La vacuna contra el sarampión representa la medida de prevención más eficaz para frenar el brote epidemiológico que afecta al país este 2026.
Ante el incremento de contagios, muchas personas que fueron inmunizadas durante su niñez se preguntan si la protección recibida hace décadas sigue vigente o si es necesario acudir nuevamente a un centro de salud.
La respuesta de las autoridades sanitarias es clara: la inmunidad depende directamente de haber completado el esquema de vacunación de dos dosis, lo que garantiza protección de por vida.
El virus del sarampión es una infección altamente contagiosa que se transmite mediante gotículas procedentes de la nariz y boca. En México, el esquema tradicional consiste en la aplicación de la vacuna triple viral (SRP), la cual protege contra sarampión, rubéola y parotiditis.
La primera dosis se administra a los 12 meses de edad y la segunda a los seis años. Si un adulto cuenta con este registro completo, no requiere de una vacuna contra el sarampión adicional, incluso si planea viajar a zonas con alta incidencia del virus.
Evaluación del esquema de vacunación en población adulta
Para determinar si es necesaria una nueva aplicación de la vacuna contra el sarampión en personas mayores de 10 años, se deben considerar los antecedentes clínicos. Aquellos adultos que solo recibieron una dosis durante su infancia presentan un esquema incompleto, por lo que las autoridades recomiendan aplicar una dosis de la vacuna doble viral (SR).
Esta medida refuerza la respuesta inmunológica y reduce significativamente el riesgo de desarrollar complicaciones graves en caso de exposición al patógeno.
Por otro lado, las personas que no cuentan con ningún antecedente de vacunación o que desconocen si fueron inmunizadas deben recibir dos dosis de la vacuna doble viral. El protocolo establece un intervalo de entre 4 y 8 semanas entre la primera y la segunda aplicación.
Es fundamental recordar que contar con las dos dosis de la vacuna contra el sarampión representa una efectividad cercana al 100 por ciento, eliminando la necesidad de refuerzos posteriores a lo largo de la vida adulta.

Síntomas y evolución de la enfermedad en adultos
El sarampión no es una enfermedad exclusiva de la infancia; de hecho, puede manifestarse de forma más agresiva en adultos mayores de 20 años o en personas con el sistema inmunológico debilitado. La evolución de la enfermedad comienza con fiebre alta, congestión nasal, tos y manchas blancas en la boca.
Posteriormente, aparece el exantema o manchas rojas que se extienden desde la cara hacia el resto del cuerpo. Los síntomas suelen manifestarse entre 10 y 14 días después de la exposición inicial al virus.
No existe un tratamiento médico específico para curar el sarampión, por lo que la prevención mediante la vacuna contra el sarampión es la única herramienta garantizada. Aunque la mayoría de los pacientes se recuperan en un lapso de dos a tres semanas, la falta de inmunidad puede derivar en secuelas permanentes como ceguera, encefalitis o neumonía.
Estas complicaciones son especialmente peligrosas en poblaciones con desnutrición o padecimientos crónicos, lo que subraya la importancia de verificar el estatus vacunal de manera inmediata.

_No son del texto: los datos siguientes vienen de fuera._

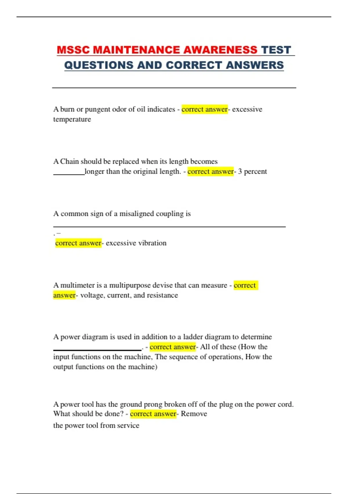 This document contains a full set of MSSC Maintenance Awareness test questions with their correct answers. It covers key topics such as preventive and predictive maintenance, shaft alignment, lubrication, bearings, hydraulics, electrical circuits, safety procedures, and workplace ergonomics. The material is designed to help students and professionals prepare for the MSSC exam by practicing with realistic question formats and verified answers.
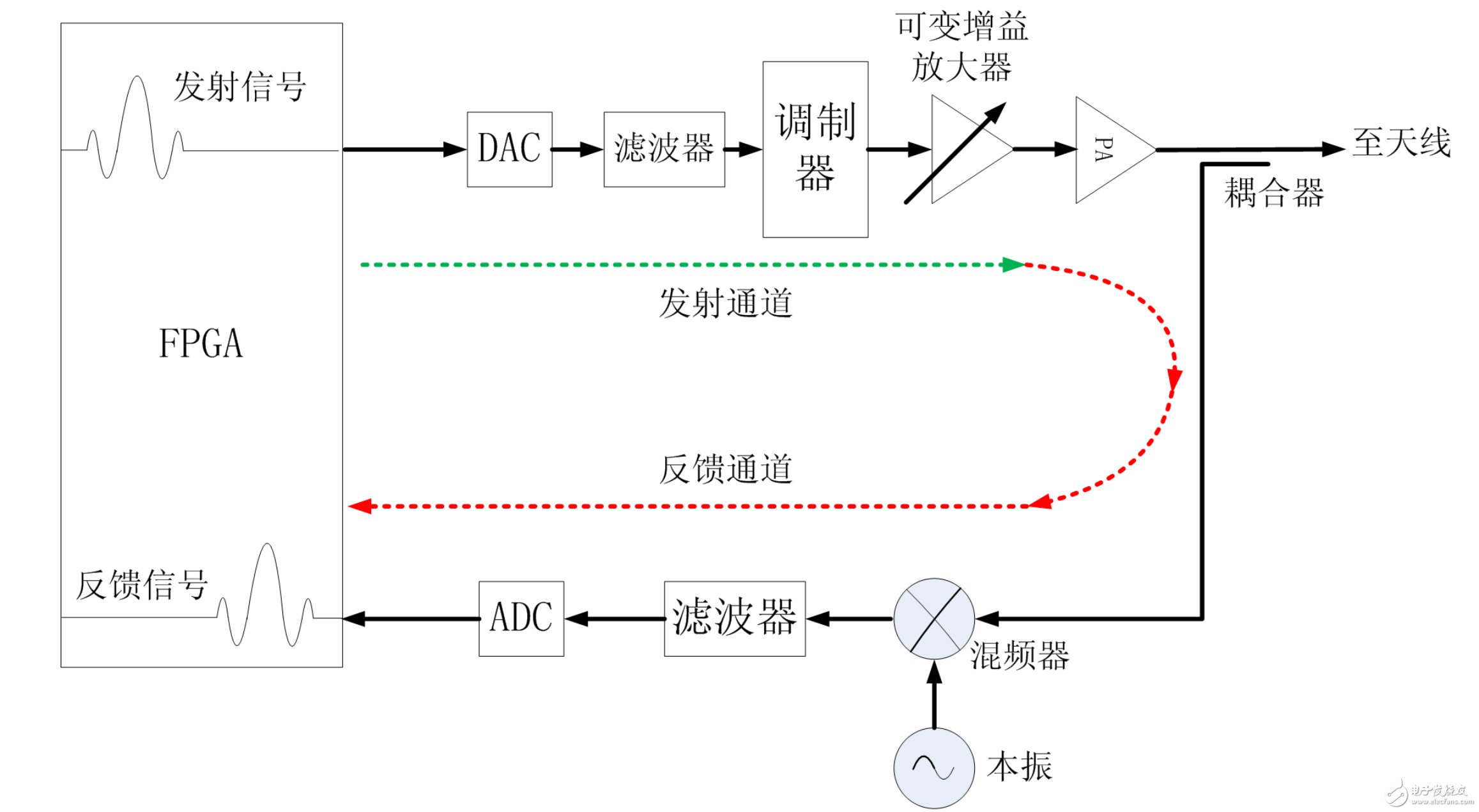 7823 以核心處理板為核心,由信號(hào)源產(chǎn)生的待處理模擬信號(hào)通過(guò)同軸線纜連接到核心處理板的信號(hào)接口,同時(shí),連接同步時(shí)鐘等其他相關(guān)信號(hào)到核心處理板。

Restricciones y recomendaciones oficiales
Es imperativo mencionar que la aplicación de la vacuna contra el sarampión, ya sea en su versión doble o triple viral, está estrictamente contraindicada para mujeres embarazadas o quienes sospechen estarlo.

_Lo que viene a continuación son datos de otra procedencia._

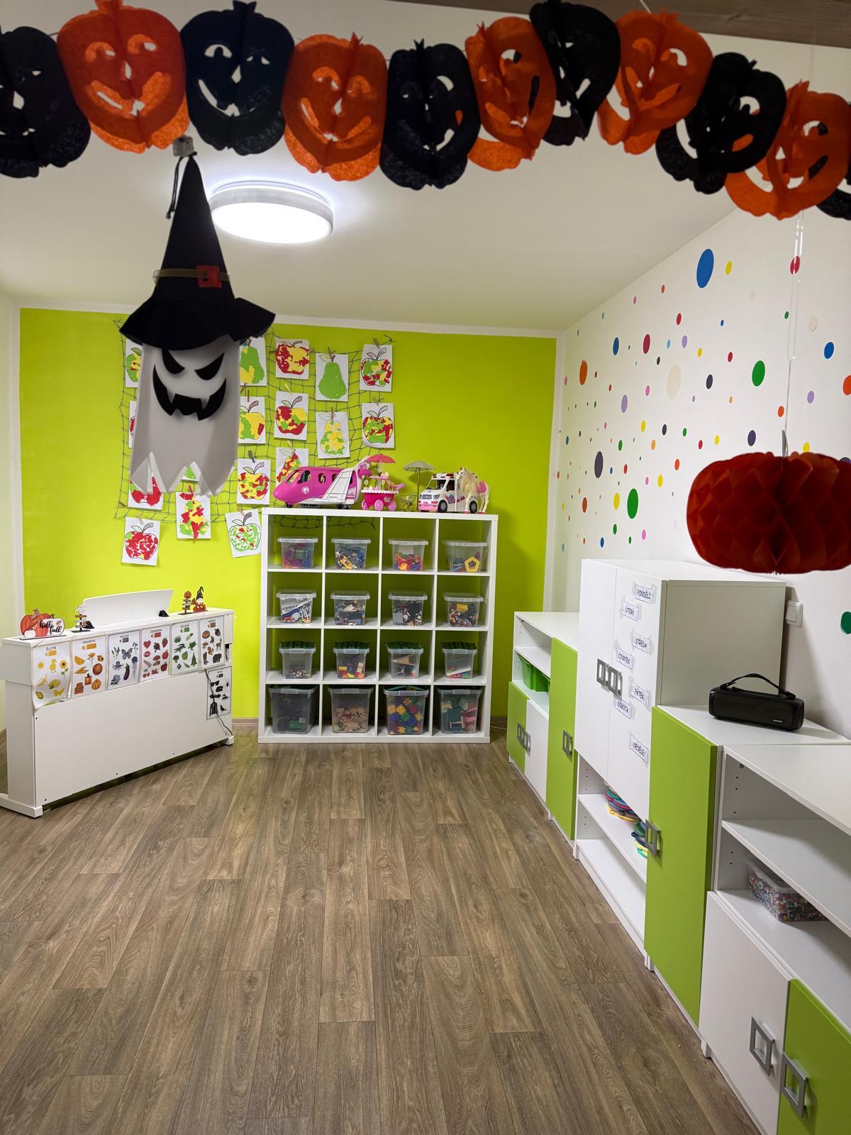 První podzimní dny jsme si v naší školce Motýlek užili opravdu kreativně! Společně s dětmi jsme se pustili do halloweenského tvoření a výsledek stojí za to. Naše prostory se proměnily v kouzelné strašidelné království plné dýní, pavouků a veselých příšerek.

Las autoridades de salud advierten que, en caso de una aplicación accidental en una mujer gestante, esta debe acudir a su unidad médica de forma urgente para recibir seguimiento especializado. Para el resto de la población, el biológico es seguro, gratuito y está disponible en las instituciones de salud pública.
Ante la situación epidemiológica actual, consultar con un profesional de la salud es el primer paso para protegerse. Si no se ha padecido la enfermedad previamente y no se tiene certeza sobre el historial de inmunización, la vacuna contra el sarampión debe ser una prioridad.